EXERCISE BRIEF >>
Your answer must be an exact copy of the data below, minus any pictures.

======== GIVEN RECORDS ========

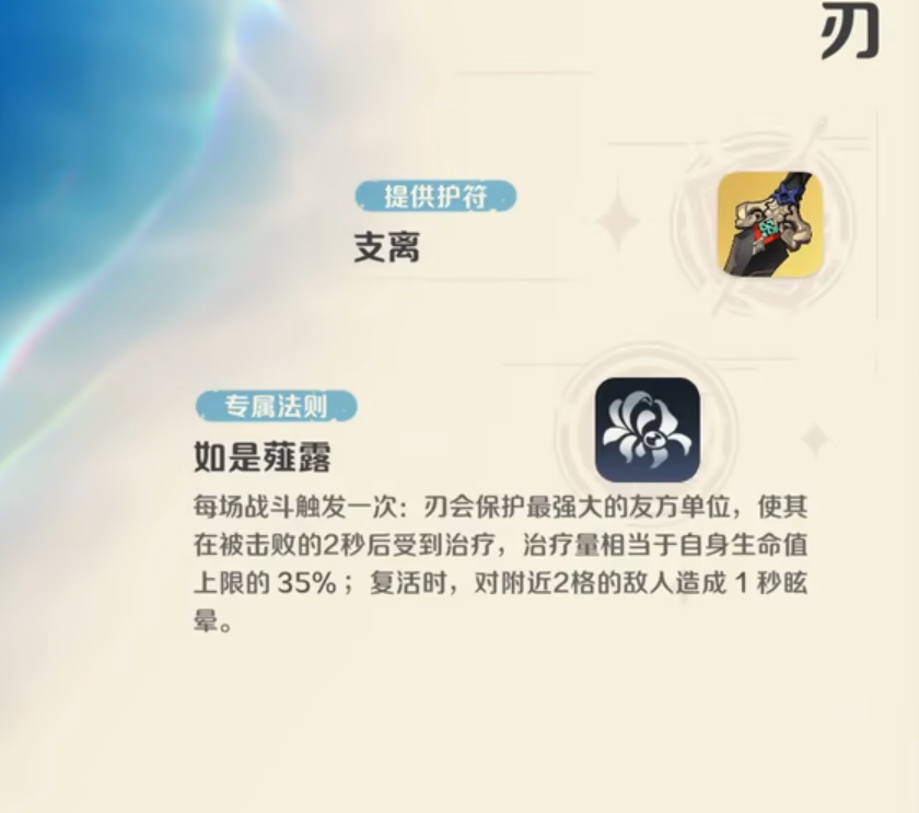 刃的核心机制为其专属法则【如是薤露】:每场战斗仅触发一次,自动锁定我方进阶等级最高的精灵,在其被击败后2秒内恢复相当于刃自身生命上限35%的生命值;复活生效时,对周围2格范围内所有敌人施加1秒眩晕效果。该机制不依赖手动释放,全程自动判定,且目标唯一指向“最高阶精灵”,无论其处于前排承伤位或后排输出位,均可获得等效“复活+控场”双重保障。此设计大幅降低关键单位暴毙风险,并在团战节奏中创造宝贵反打窗口,综合功能性与战略价值均属当前版本顶尖梯队。
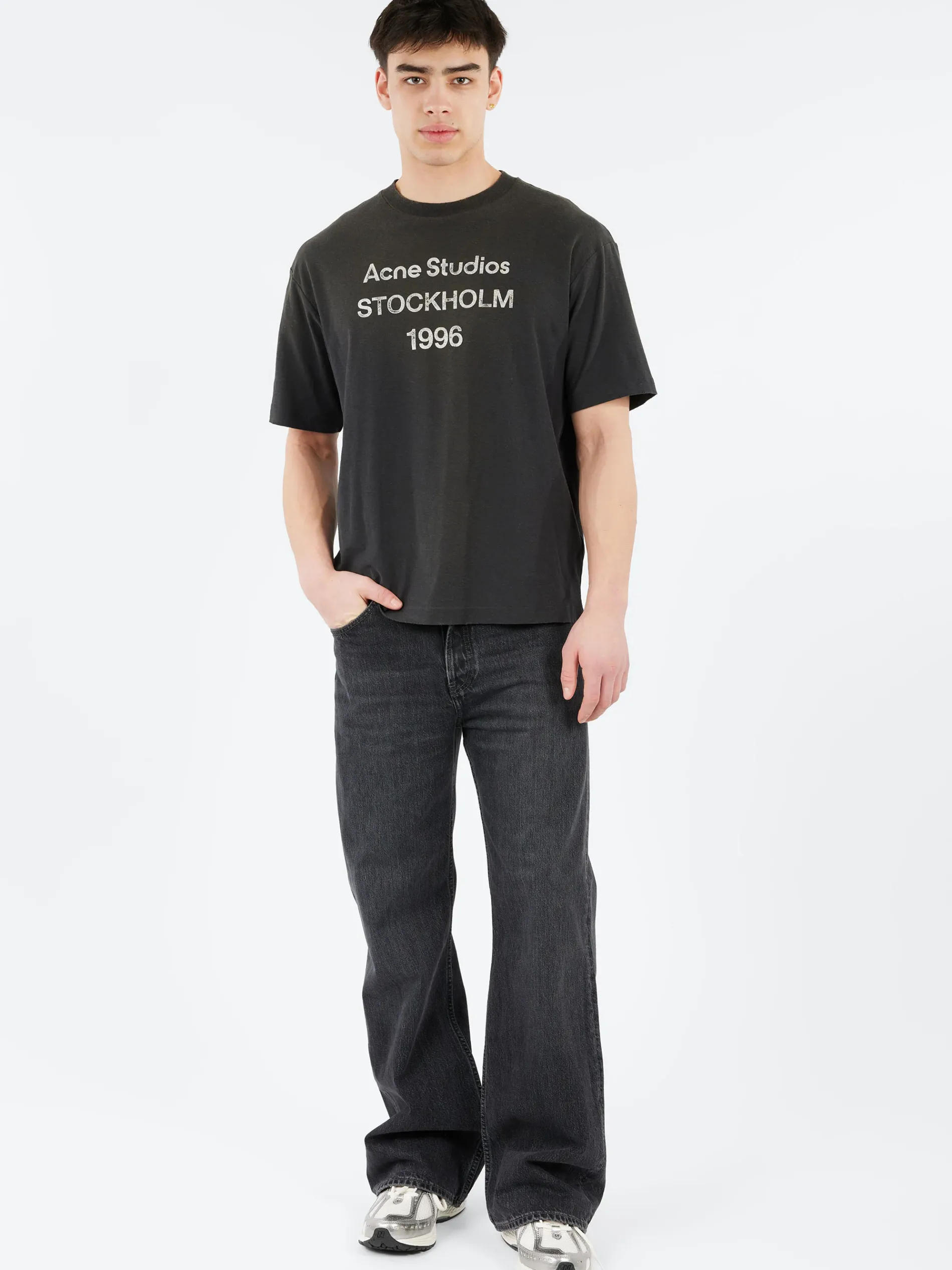 2021 jeans are cut to a loose fit with mid-waist, wide leg and long length. Made from rigid denim in deep black overdye with a washed finish.
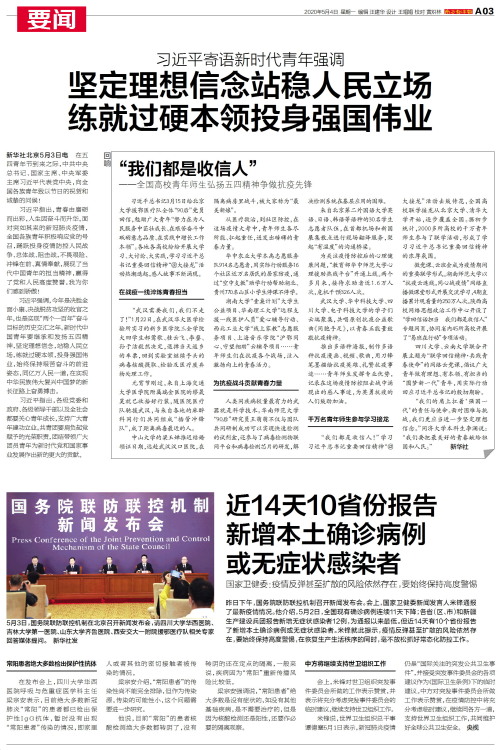 新华社北京5月3日电 在五四青年节到来之际,中共中央总书记、国家主席、中央军委主席习近平代表党中央,向全国各族青年致以节日的祝贺和诚挚的问候!习近平指出,青春由磨砺而出彩,人生因奋斗而升华。面对突如其
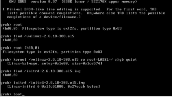 可以把这个文件备份到其他地方,这样启动后可以把文件恢复回去, 运行root或find /vmlinuz-2.6.18-53el5(可以使用TAB补全),可以搜索vmlinuz所在分区
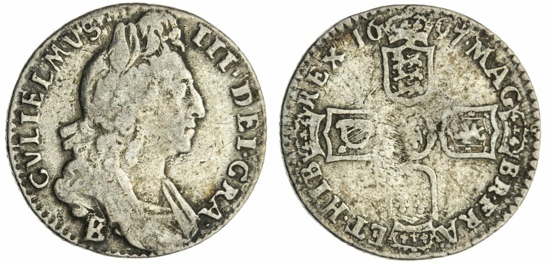 The Frank Viles Collection of Sixpences | William III (1694-1702), Sixpence, 1697, Bristol, struck with a York obverse die [?], first bust, B over y [?], rev. 'small' crowned shields cruciform, five strings to late harp, edge obliquely milled, 6h (Spink 3532; cf. ESC 1263 [1555A]), good to fair, the overpunching clear and different to the known 'B over E' varieties, unlisted, very rare thus
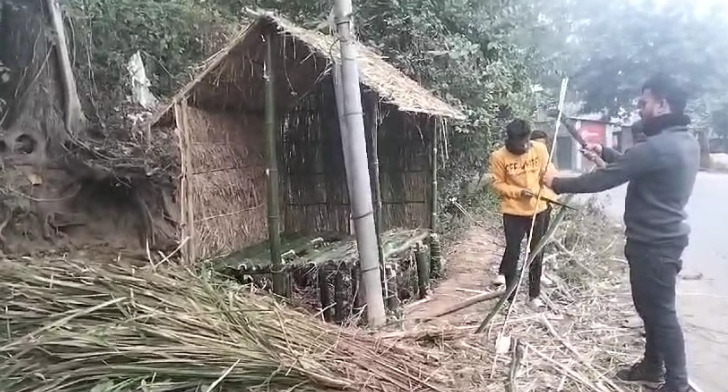 Teliamura, 13th of January 2024 : “Buri Ghar” the old tradition still alive in various parts of the state on the occasion of Makar Sankranti. On the occasion Youngsters have built “Buri Ghar” in Teliamura on Saturday (13th January, 2024). In the modern age, “Buri Ghar” made of straw and bamboo, is on the verge of extinction in rural area. In the era of computer or laptop modernity, the people of the busiest city have forgotten the history of “Buri Ghar”. However, under the touch of science, the people of the present civilized society are trying to avoid the “luxury house” of Poush. In the urban area, “Buri Ghar” made of straw and bamboo cannot be seen, but the young people of the rising age of the city build houses with the modernity.

========

ANSWER TO THE EXERCISE >>
 刃的核心机制为其专属法则【如是薤露】:每场战斗仅触发一次,自动锁定我方进阶等级最高的精灵,在其被击败后2秒内恢复相当于刃自身生命上限35%的生命值;复活生效时,对周围2格范围内所有敌人施加1秒眩晕效果。该机制不依赖手动释放,全程自动判定,且目标唯一指向“最高阶精灵”,无论其处于前排承伤位或后排输出位,均可获得等效“复活+控场”双重保障。此设计大幅降低关键单位暴毙风险,并在团战节奏中创造宝贵反打窗口,综合功能性与战略价值均属当前版本顶尖梯队。
 2021 jeans are cut to a loose fit with mid-waist, wide leg and long length. Made from rigid denim in deep black overdye with a washed finish.
 新华社北京5月3日电 在五四青年节到来之际,中共中央总书记、国家主席、中央军委主席习近平代表党中央,向全国各族青年致以节日的祝贺和诚挚的问候!习近平指出,青春由磨砺而出彩,人生因奋斗而升华。面对突如其
 可以把这个文件备份到其他地方,这样启动后可以把文件恢复回去, 运行root或find /vmlinuz-2.6.18-53el5(可以使用TAB补全),可以搜索vmlinuz所在分区
 The Frank Viles Collection of Sixpences | William III (1694-1702), Sixpence, 1697, Bristol, struck with a York obverse die [?], first bust, B over y [?], rev. 'small' crowned shields cruciform, five strings to late harp, edge obliquely milled, 6h (Spink 3532; cf. ESC 1263 [1555A]), good to fair, the overpunching clear and different to the known 'B over E' varieties, unlisted, very rare thus
 Teliamura, 13th of January 2024 : “Buri Ghar” the old tradition still alive in various parts of the state on the occasion of Makar Sankranti. On the occasion Youngsters have built “Buri Ghar” in Teliamura on Saturday (13th January, 2024). In the modern age, “Buri Ghar” made of straw and bamboo, is on the verge of extinction in rural area. In the era of computer or laptop modernity, the people of the busiest city have forgotten the history of “Buri Ghar”. However, under the touch of science, the people of the present civilized society are trying to avoid the “luxury house” of Poush. In the urban area, “Buri Ghar” made of straw and bamboo cannot be seen, but the young people of the rising age of the city build houses with the modernity.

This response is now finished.